About this task: Repeat exactly the lines of the entries below from the one with "2021년도 수능 확정" through the one with "Hotspots with large", both ends included, and nothing else.

Entries supplied:
====

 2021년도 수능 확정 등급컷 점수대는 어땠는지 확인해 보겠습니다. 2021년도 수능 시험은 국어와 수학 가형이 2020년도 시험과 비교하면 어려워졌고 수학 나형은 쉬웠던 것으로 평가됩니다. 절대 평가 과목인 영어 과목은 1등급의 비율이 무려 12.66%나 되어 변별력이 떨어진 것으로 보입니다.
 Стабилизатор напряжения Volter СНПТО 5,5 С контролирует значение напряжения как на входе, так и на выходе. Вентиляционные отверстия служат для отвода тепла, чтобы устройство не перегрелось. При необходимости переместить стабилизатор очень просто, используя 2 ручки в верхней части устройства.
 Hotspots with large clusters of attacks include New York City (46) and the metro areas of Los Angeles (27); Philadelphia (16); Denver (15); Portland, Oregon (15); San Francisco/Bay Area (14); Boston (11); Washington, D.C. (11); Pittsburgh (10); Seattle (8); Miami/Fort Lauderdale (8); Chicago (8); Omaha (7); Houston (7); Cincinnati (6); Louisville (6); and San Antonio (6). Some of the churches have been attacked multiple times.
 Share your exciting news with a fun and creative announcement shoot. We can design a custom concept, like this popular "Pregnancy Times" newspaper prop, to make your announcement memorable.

====

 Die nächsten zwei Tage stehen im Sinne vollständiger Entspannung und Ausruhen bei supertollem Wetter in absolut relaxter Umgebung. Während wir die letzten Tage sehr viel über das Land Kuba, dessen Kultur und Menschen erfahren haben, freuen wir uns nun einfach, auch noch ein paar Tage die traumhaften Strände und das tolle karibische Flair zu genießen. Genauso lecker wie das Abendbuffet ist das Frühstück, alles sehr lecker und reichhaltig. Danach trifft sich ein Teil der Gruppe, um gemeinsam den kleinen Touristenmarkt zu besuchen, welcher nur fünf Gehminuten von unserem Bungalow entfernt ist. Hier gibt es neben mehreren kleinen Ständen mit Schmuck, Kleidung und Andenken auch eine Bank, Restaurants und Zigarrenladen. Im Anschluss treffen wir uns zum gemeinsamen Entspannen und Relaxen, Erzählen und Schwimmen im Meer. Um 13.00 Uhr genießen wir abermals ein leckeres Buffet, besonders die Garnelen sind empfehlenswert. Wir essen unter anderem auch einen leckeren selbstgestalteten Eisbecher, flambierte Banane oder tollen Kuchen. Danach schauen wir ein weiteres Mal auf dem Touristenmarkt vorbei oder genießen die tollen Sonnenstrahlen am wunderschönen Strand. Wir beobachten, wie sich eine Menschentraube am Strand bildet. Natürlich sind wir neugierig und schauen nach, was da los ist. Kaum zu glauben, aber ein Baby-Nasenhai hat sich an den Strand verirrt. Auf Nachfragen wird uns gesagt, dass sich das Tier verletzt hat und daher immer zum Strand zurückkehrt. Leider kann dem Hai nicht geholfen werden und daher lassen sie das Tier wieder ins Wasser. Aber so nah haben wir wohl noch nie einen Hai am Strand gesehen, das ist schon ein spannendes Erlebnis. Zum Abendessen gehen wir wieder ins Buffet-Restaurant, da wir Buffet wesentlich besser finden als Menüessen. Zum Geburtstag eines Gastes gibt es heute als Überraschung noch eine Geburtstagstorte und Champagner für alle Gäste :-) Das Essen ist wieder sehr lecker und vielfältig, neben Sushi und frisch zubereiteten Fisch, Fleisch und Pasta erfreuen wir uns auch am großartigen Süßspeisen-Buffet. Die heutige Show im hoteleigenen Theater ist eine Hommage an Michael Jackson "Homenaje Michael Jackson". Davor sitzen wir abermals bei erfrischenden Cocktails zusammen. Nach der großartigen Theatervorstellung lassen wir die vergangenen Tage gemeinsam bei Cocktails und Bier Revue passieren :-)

====

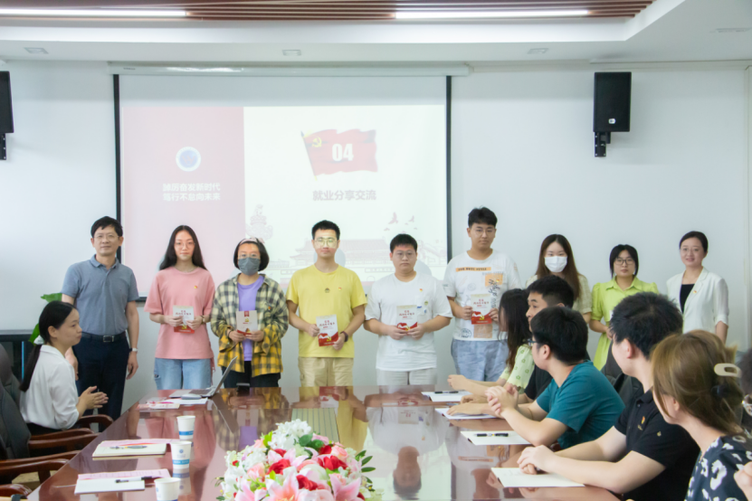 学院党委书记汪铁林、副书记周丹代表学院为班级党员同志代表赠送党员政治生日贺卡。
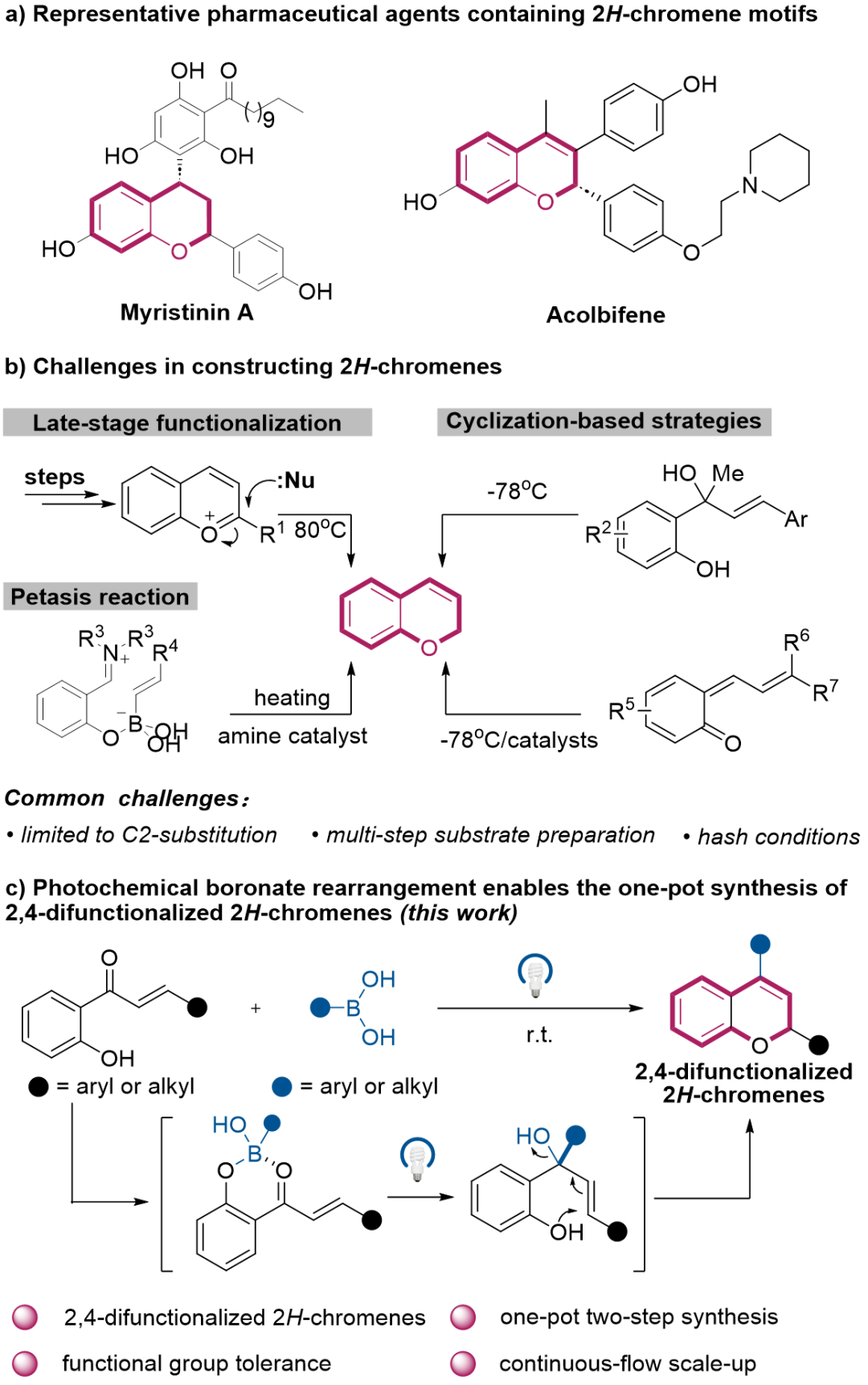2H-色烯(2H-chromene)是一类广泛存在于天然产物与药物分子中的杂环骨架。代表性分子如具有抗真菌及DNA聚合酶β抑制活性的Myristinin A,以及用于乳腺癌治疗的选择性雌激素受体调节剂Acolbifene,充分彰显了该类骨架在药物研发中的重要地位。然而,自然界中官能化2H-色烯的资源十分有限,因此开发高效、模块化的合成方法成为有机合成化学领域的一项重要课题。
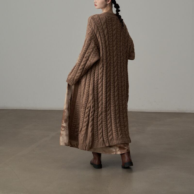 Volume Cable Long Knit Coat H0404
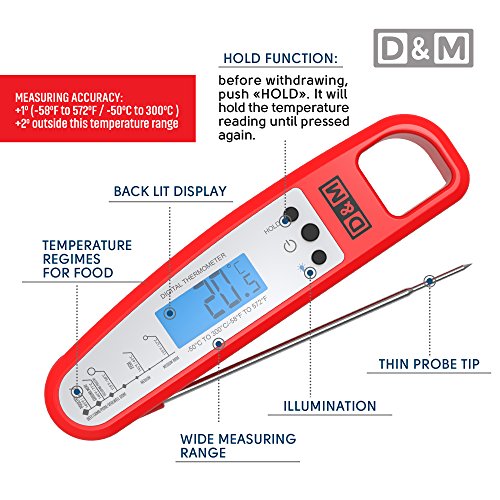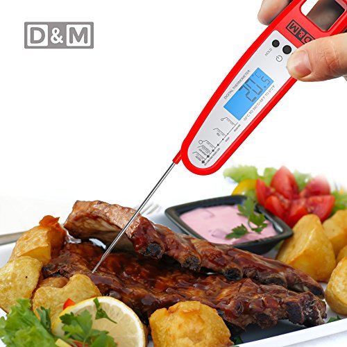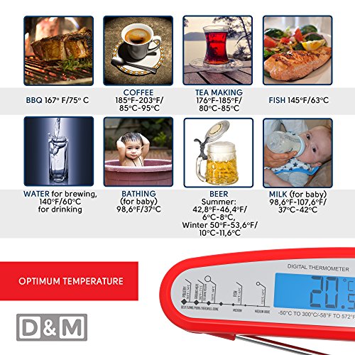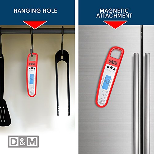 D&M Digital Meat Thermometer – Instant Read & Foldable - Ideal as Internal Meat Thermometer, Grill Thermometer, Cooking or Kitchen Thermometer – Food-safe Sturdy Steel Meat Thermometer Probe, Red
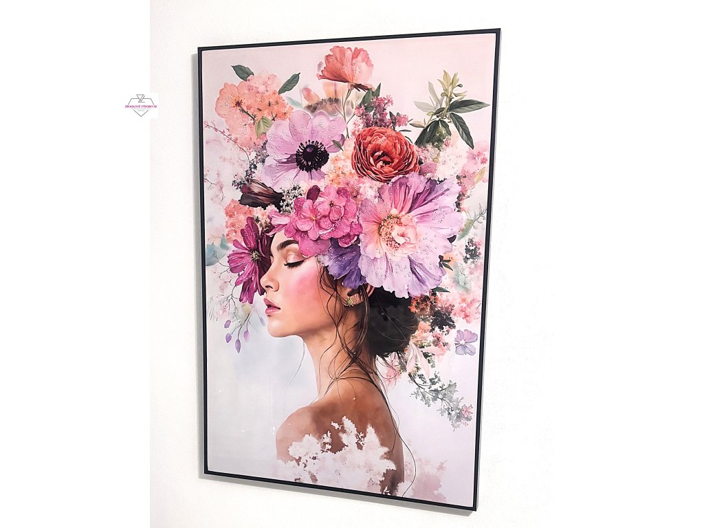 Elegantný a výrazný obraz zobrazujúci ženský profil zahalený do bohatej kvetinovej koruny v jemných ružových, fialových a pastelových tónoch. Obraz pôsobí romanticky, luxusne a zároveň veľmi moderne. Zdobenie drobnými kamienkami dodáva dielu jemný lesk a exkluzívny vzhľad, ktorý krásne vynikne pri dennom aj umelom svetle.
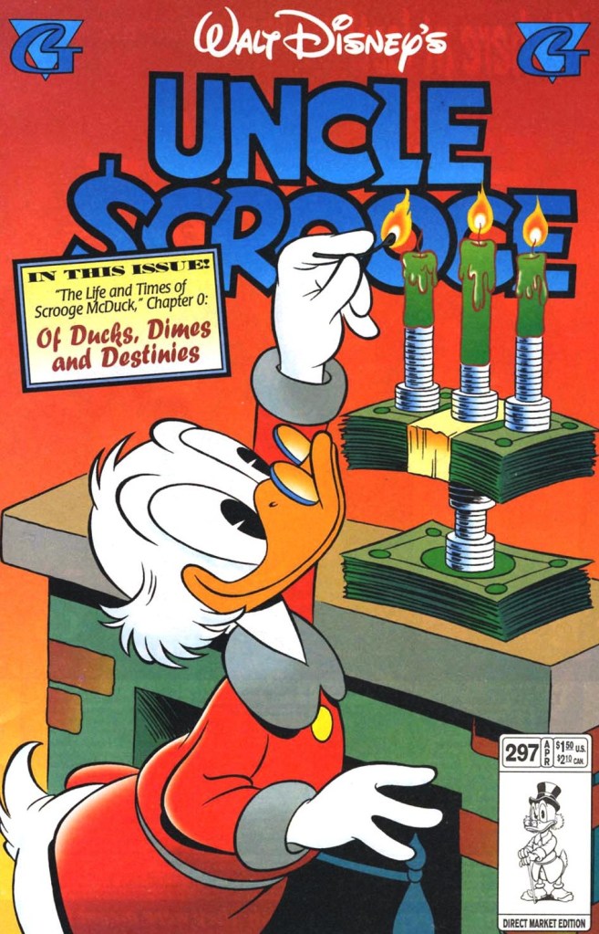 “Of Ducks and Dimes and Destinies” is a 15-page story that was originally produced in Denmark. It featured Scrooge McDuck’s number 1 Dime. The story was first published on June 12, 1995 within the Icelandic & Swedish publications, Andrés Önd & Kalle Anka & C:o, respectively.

====

Answer to this exercise:
 2021년도 수능 확정 등급컷 점수대는 어땠는지 확인해 보겠습니다. 2021년도 수능 시험은 국어와 수학 가형이 2020년도 시험과 비교하면 어려워졌고 수학 나형은 쉬웠던 것으로 평가됩니다. 절대 평가 과목인 영어 과목은 1등급의 비율이 무려 12.66%나 되어 변별력이 떨어진 것으로 보입니다.
 Стабилизатор напряжения Volter СНПТО 5,5 С контролирует значение напряжения как на входе, так и на выходе. Вентиляционные отверстия служат для отвода тепла, чтобы устройство не перегрелось. При необходимости переместить стабилизатор очень просто, используя 2 ручки в верхней части устройства.
 Hotspots with large clusters of attacks include New York City (46) and the metro areas of Los Angeles (27); Philadelphia (16); Denver (15); Portland, Oregon (15); San Francisco/Bay Area (14); Boston (11); Washington, D.C. (11); Pittsburgh (10); Seattle (8); Miami/Fort Lauderdale (8); Chicago (8); Omaha (7); Houston (7); Cincinnati (6); Louisville (6); and San Antonio (6). Some of the churches have been attacked multiple times.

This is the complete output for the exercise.